Well, exploiting federal student loan programs is not just for fly-by-night for-profits. Seemingly respectable elite colleges have also figured out how to generate cash from this racket. The Wall Street Journal has a piece listing masters degree programs at selective colleges where the median student debt far exceeds annual salaries two years after graduation. As the Journal reports:
Lured by the aura of degrees from top-flight institutions, many master’s students at universities across the U.S. took on debt beyond what their pay would support, the Journal analysis of federal data on borrowers found. At Columbia, such students graduated from programs including history, social work and architecture….
At New York University, graduates with a master’s degree in publishing borrowed a median $116,000 and had an annual median income of $42,000 two years after the program, the data on recent borrowers show. At Northwestern University, half of those who earned degrees in speech-language pathology borrowed $148,000 or more, and the graduates had a median income of $60,000 two years later. Graduates of the University of Southern California’s marriage and family counseling program borrowed a median $124,000 and half earned $50,000 or less over the same period….

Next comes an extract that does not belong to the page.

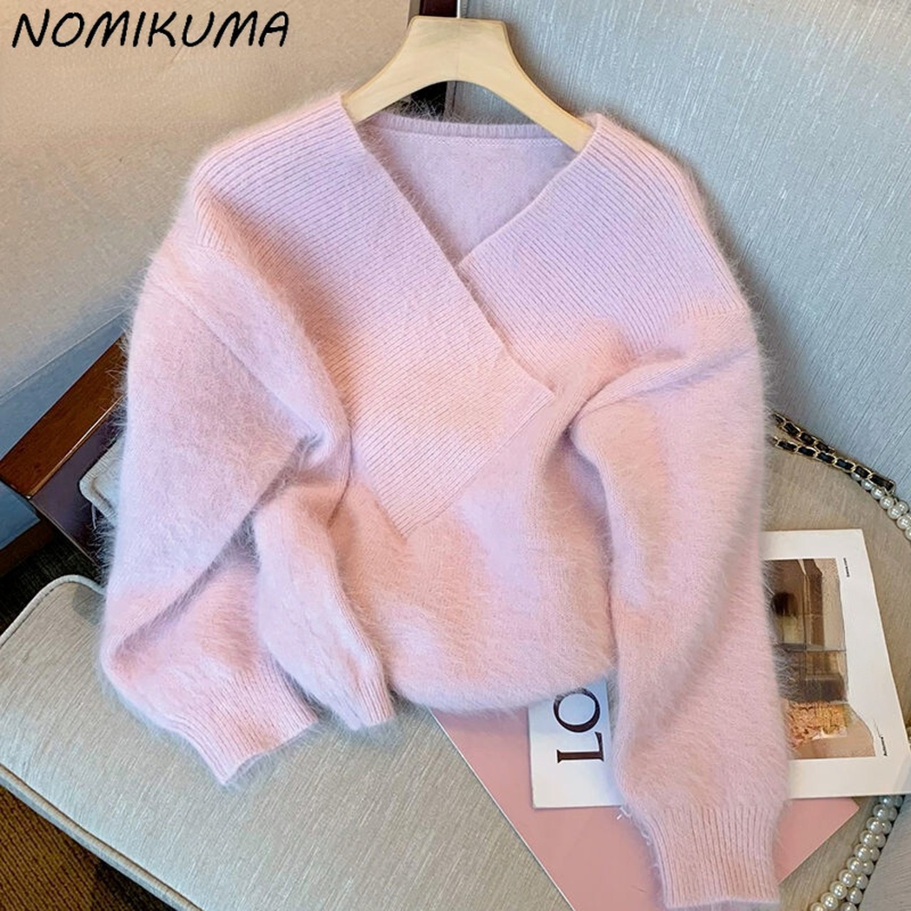 Nomikuma ピンク V ネックセーター女性 2021 秋冬プル長袖スウィートプルオーバーニットトップス 6Q133 ロング 大人ガーリー キュート カジュアル オータム 秋物 ウィンター 冬物 Vネック kor98333959915

Highly selective universities have benefited from free-flowing federal loan money, and with demand for spots far exceeding supply, the schools have been able to raise tuition largely unchecked. The power of legacy branding lets prestigious universities say, in effect, that their degrees are worth whatever they charge….
Debt counselors recommend students not borrow more than they will earn right out of school. Yet about 38% of master’s programs at top-tier private universities in the U.S. failed that test, according to the Journal’s analysis of salary data for graduates from the 2015 and 2016 classes, the latest available.

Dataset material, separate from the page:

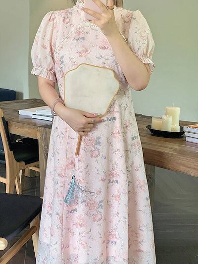 【ぽちゃまに】 夏 中華風 ワンピース 大きいサイズ レトロ レース 体型カバー 長/短2タイプ チャイナドレス 柄ワンピース メガ割

At for-profit schools, a common target of regulators for high student debt and poor job prospects, 30% failed to meet the debt counselors’ advice.”
When confronted with this type of failure, where government subsidies fuel rent-capturing, the natural inclination of the technocratic class is to double-down. When reckless federal debt becomes burdensome, they advocate loan-forgiveness. When institutions become savvy about how to grab federal cash, they propose excluding those kinds of schools from the subsidized loan programs. Somehow, it fails to dawn on those proposing these solutions that forgiving student loans might encourage irresponsible borrowing by students and the desire to exploit federal programs is not limited to for-profit institutions. For-profits may only appear more inclined to game the system because they are more efficient in their operations. The others lag not out of virtue but out of incompetence. As the WSJ article illustrates, eventually virtually all universities will grab the federal cash at the expense of students and taxpayers once they figure out how to do it.
Rather than doubling down on debt-forgiveness, regulation, and ever expanding loan programs, policymakers might consider turning down the spigot of cash into higher ed in the hopes that less money sloshing around might encourage more responsible behavior.